[Try it] Check each line of the entries below for the string "that"; copy every line where it appears.

─── Records provided ───

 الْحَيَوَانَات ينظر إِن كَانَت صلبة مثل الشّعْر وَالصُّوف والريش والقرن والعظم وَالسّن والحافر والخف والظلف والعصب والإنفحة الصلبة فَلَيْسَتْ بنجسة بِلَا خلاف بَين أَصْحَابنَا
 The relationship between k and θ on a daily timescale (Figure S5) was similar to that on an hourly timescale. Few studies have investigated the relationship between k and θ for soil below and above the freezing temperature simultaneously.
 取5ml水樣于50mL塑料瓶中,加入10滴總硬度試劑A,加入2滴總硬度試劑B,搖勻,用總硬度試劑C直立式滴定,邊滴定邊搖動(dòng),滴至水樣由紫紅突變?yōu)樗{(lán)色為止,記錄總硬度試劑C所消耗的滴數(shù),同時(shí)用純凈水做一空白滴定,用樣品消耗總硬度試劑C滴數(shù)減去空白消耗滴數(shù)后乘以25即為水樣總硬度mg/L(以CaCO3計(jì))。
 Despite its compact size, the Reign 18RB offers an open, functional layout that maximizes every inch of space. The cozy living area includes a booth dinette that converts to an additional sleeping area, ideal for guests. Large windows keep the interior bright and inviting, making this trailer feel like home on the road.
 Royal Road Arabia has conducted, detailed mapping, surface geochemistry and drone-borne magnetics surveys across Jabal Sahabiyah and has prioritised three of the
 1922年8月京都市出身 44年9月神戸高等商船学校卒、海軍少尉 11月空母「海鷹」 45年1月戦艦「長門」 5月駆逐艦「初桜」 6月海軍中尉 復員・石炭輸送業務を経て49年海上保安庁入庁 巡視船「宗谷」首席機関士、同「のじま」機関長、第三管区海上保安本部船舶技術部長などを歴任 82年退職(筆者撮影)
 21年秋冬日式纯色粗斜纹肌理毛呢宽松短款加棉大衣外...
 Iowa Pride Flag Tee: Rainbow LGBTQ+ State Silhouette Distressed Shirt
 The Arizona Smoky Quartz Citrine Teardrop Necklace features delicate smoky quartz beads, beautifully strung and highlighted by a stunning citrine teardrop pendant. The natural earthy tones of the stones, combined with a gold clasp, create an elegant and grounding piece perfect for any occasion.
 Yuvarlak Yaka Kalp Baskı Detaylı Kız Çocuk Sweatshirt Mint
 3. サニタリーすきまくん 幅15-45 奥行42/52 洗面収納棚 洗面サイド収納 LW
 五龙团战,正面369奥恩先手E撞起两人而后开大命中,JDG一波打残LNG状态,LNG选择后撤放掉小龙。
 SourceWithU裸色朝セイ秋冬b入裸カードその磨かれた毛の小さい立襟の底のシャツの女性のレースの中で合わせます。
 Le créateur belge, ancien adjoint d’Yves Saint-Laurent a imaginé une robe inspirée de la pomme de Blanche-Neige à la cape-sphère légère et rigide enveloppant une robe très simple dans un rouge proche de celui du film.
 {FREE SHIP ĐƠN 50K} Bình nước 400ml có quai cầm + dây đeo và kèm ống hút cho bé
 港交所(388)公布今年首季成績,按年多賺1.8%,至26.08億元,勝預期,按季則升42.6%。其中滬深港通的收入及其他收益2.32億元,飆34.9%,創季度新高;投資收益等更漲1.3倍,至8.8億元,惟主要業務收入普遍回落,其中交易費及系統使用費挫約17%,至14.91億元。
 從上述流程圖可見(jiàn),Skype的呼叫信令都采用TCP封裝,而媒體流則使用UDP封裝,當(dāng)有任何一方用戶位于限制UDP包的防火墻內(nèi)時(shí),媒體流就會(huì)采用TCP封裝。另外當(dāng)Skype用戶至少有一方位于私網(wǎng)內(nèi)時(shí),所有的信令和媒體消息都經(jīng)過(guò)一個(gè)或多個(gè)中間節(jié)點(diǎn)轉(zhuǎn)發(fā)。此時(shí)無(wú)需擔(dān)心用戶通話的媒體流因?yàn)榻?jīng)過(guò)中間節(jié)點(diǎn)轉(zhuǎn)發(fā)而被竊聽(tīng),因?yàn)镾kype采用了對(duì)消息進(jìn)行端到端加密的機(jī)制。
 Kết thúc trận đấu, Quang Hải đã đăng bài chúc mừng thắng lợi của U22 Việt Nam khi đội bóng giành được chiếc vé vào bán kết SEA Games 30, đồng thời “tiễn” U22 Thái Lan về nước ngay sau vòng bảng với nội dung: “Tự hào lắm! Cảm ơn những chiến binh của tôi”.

───

[Answer space]
 The relationship between k and θ on a daily timescale (Figure S5) was similar to that on an hourly timescale. Few studies have investigated the relationship between k and θ for soil below and above the freezing temperature simultaneously.
 Despite its compact size, the Reign 18RB offers an open, functional layout that maximizes every inch of space. The cozy living area includes a booth dinette that converts to an additional sleeping area, ideal for guests. Large windows keep the interior bright and inviting, making this trailer feel like home on the road.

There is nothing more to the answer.